#### GIVEN DATA:
= = =

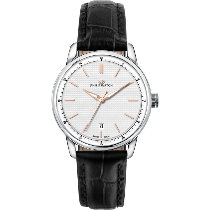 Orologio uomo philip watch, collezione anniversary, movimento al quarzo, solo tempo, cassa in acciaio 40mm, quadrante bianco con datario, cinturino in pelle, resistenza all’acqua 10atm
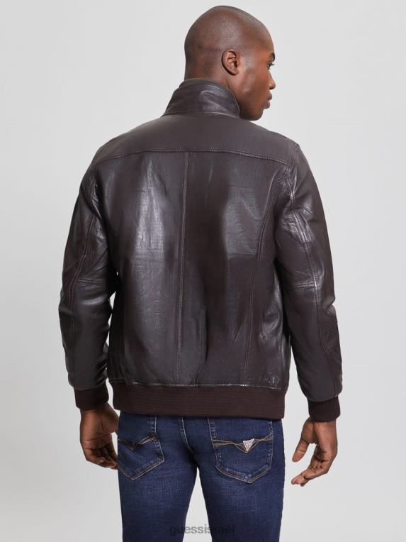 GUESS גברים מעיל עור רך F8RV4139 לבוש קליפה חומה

= = =

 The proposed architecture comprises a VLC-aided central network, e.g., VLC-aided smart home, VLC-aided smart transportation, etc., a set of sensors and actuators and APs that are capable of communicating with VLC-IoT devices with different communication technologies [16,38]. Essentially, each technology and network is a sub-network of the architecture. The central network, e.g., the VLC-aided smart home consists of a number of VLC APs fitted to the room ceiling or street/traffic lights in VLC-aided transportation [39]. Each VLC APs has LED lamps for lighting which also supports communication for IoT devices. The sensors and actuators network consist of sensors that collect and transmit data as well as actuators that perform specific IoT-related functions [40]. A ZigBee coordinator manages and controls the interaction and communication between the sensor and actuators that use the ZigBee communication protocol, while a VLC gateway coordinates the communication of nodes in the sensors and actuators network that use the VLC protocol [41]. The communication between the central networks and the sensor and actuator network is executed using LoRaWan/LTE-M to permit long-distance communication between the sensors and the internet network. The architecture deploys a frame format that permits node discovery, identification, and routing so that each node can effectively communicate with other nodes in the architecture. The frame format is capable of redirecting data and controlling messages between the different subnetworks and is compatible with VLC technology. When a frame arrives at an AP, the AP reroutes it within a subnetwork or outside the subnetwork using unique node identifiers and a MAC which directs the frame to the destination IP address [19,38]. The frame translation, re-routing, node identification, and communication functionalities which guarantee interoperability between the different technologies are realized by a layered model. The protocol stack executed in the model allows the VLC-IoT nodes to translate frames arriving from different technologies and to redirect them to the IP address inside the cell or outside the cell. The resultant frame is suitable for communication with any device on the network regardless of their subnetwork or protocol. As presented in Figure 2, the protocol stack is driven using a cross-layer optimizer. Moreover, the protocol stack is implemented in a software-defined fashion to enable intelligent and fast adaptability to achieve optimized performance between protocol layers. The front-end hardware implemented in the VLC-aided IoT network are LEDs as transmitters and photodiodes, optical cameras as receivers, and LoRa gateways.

= = =

#### EXERCISE:
Take the material above from the line bearing "Orologio uomo philip" through the line bearing "GUESS גברים מעיל" and write it out exactly, both end lines included. Pictures stay out.

#### RESULT OF THIS TASK:
 Orologio uomo philip watch, collezione anniversary, movimento al quarzo, solo tempo, cassa in acciaio 40mm, quadrante bianco con datario, cinturino in pelle, resistenza all’acqua 10atm
 GUESS גברים מעיל עור רך F8RV4139 לבוש קליפה חומה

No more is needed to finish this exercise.